Muy pronto daremos la cara en todas nuestras actividades, nos veremos frente a frente, y para que ese rostro esté mejor que nunca, aquí te traemos una rutina que hará lucir tu piel hermosa, tersa y saludable. Sigue estos sencillos pasos diariamente y regresa a la normalidad con una mejor versión de ti. Incluyendo tu rostro. 

Limpieza: 

Es importante limpiar la piel de nuestro rostro con un limpiador especial para dicha zona y no con jabón corporal, ya que estos pueden ser muy agresivos con la piel de nuestro rostro dejándola reseca y en algunos casos producir acné. Debemos elegir un limpiador suave según nuestro tipo de piel y utilizarlo al menos dos veces al día, sin importar si nos maquillamos o no. 

Nunca nos iremos a dormir sin realizar esta limpieza en nuestro rostro, ya que, si lo hacemos, las impurezas que se han pegado a nuestra piel durante el día, pueden penetrar nuestros poros y producirnos manchas u espinillas, así como darle un aspecto opaco a nuestra piel. 

Al terminal, seca tu cara a golpecitos, de manera suave para dejar algo de humedad. 

Tonificación: 

Luego de que la piel ha sido sometida a una limpieza, por suave que haya sido, fue una limpieza, por lo cual es importante que la refresquemos y revitalicemos, un tónico facial será nuestro aliado para lograrlo, ya que, ayudará a cerrar los poros, equilibrar el PH y la preparará para un tratamiento posterior.  

Hidratación: 

Luego de que la piel está totalmente limpia y la hemos tonificado, el siguiente paso es darle a nuestra piel ese toque de hidratación que necesita, aplica una crema hidratante suavemente con la yema de tus dedos, este paso le aportará a tu piel elasticidad, luminosidad, suavidad y ayudará a retrasar las líneas de expresión o envejecimiento.
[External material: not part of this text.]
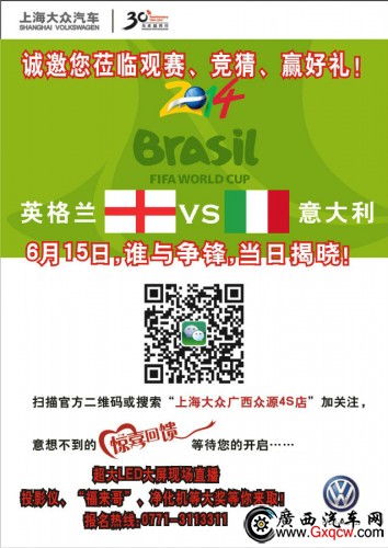 即日起至6月15日,掃描上海大眾廣西眾源微信二維碼并加關(guān)注,15日到店即可獲贈2014巴西世界杯吉祥物“福來哥”一個。

Luego de este paso, ponte tu piyama y deja que el descanso haga el resto. 

Protección: 

Aunque no nos vayamos a exponer directamente o por mucho tiempo a los rayos del sol, se ha comprobado que por algún lado nos puede entrar y afectar la salud de nuestra piel, por eso usar siempre un bloqueador complementará nuestra rutina. No olvides tenerlo a mano, y ni se diga si iremos de playa o de piscina. Protege tu piel siempre de los efectos solares.   
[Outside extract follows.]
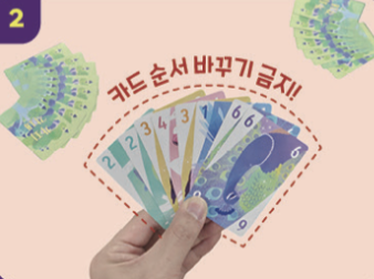 카드를 잘 섞은 뒤 8장씩 나눠 가져요. 이때, 받은 카드의 순서는 바꾸면 안 돼요.

Cada 15 días o una vez al mes utiliza una mascarilla especial según tu tipo de piel para darle una ayuda extra. En nuestras sucursales podrás encontrar una gran variedad para cada caso o tipo de piel. 

Te presentamos algunos de los productos para el cuidado de la piel que puedes encontrar al visitarnos:

¡Te esperamos!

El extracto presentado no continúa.